Fun fact: Hayabusa gyuto shares its name with the peregrine falcon (ハヤブサ), the fastest member of the animal kingdom. This knife may not reach speeds upwards of 350 km/h, but chopping with it will feel just as fast.

BLADE SHAPE:
Gyuto is the most versatile and useful blade shape in the modern kitchen. It has a wide profile for easy food transfer and tends to be fairly flat towards the heel, enabling easy and fast chopping on the cutting board. A pointed tip allows piercing and precise, delicate work. A slight curve between the tip and the midsection makes the belly great for rocking the blade back and forth when cutting. It can be used for cutting meat, fish, and vegetables.

STEEL:
The centerpiece of this knife series is Hitachi’s Super Blue Steel (Aogami Super), which ranks at the very top of quality Japanese steels. Aogami Super steel is extremely rich in carbon, which directly affects the blade’s hardness. It also contains 0.4% vanadium which gives the steel more toughness.

LAMINATION:
The core layer consisting of the harder Aogami Super steel was sandwiched between two layers of softer stainless steel. This technique is called san-mai and is used to protect the hard (but delicate) core from outside factors and physical impacts, which could lead to breakage.

GEOMETRY:
It has a double bevel (symmetrical) blade. The cutting edge is sharpened to a 50/50 angle and stays sharp even after hours of constant use.

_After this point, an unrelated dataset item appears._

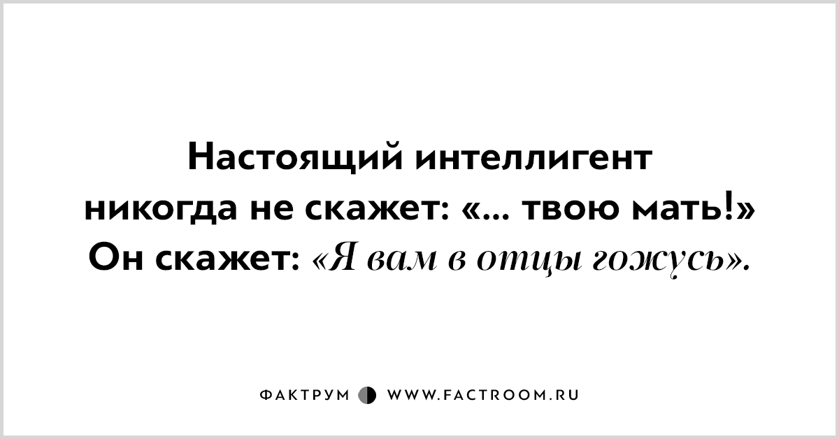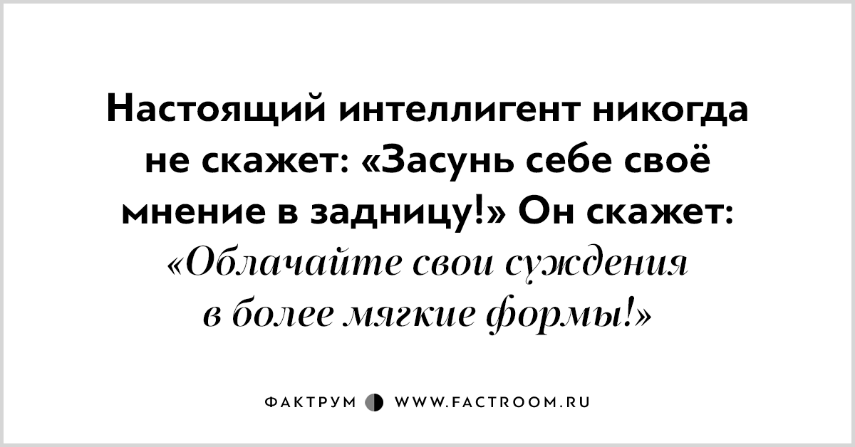 По сути настоящий интеллигент — это английский джентельмен, но нашего замеса! И хоть ему и близко крепкое народное словцо, выпустить его из себя интеллигент не торопится. Он тонок, он использует метафоры и эвфемизмы, но ведь… всё равно же всё понятно, правда?
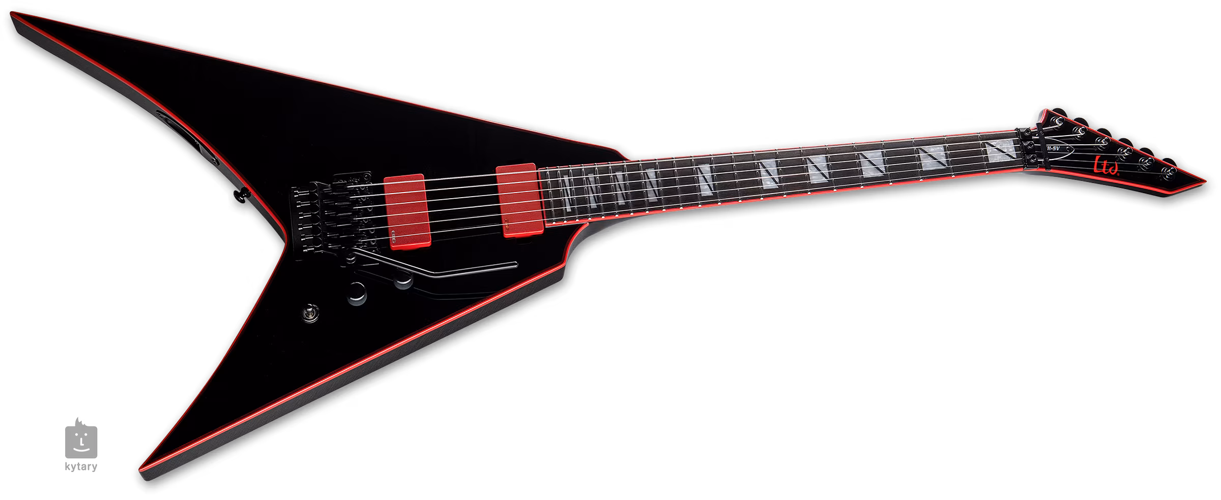Es handelt sich um eine „V-Form“-Gitarre in einem rein metal-typischen schwarz-roten Design. Die Konstruktion der Gitarre besteht aus Mahagoni-Korpusseiten, einer breiteren Ahorn-Decke (Maple Cap) und einem dreiteiligen durchgehenden Mahagoni-Hals. Die Griffbrettfläche aus Makassar-Ebenholz wird von 22 Extra-Jumbo-Bünden aus Edelstahl unterteilt. Die Orientierung auf dem Griffbrett wird durch Positionsmarkierungen aus Perlmuttimitat in einem speziellen Design erleichtert.

The blade is extremely thin, which allows the user to work precisely even with the smallest ingredients.

BLADE FINISH:
The blade features a clean, highly polished mirror finish (also called migaki). It is a simple, minimalistic blade. The surface of the knife is thinned and polished during the manufacturing process to expose the smooth and shiny surface of the knife. Such a finished look minimizes damage to the food cells during cutting, so it is suitable for the most delicate tasks.

HANDLE:
The blade is fitted with an octagonal Japanese (Wa) style handle made out of a single piece of luxurious dark ebony wood, renowned for its exceptional hardness and density, which makes it one of the most durable and resistant woods. It is polished to a high gloss, creating a luxurious and elegant appearance and smooth feel that fits into the hand seamlessly. The octagon shape of the handle provides a comfortable and secure grip, allowing for precise control during use.

SMITHY:
Hatsukokoro is a Japanese brand, established in 2019, that aims to be a bridge between Japan and the world. It seeks out the best products Japan has up its sleeve and develops sales channels to distribute them around the world. The meaning of Hatsukokoro comes from the Japanese proverb “do not forget your original purpose”.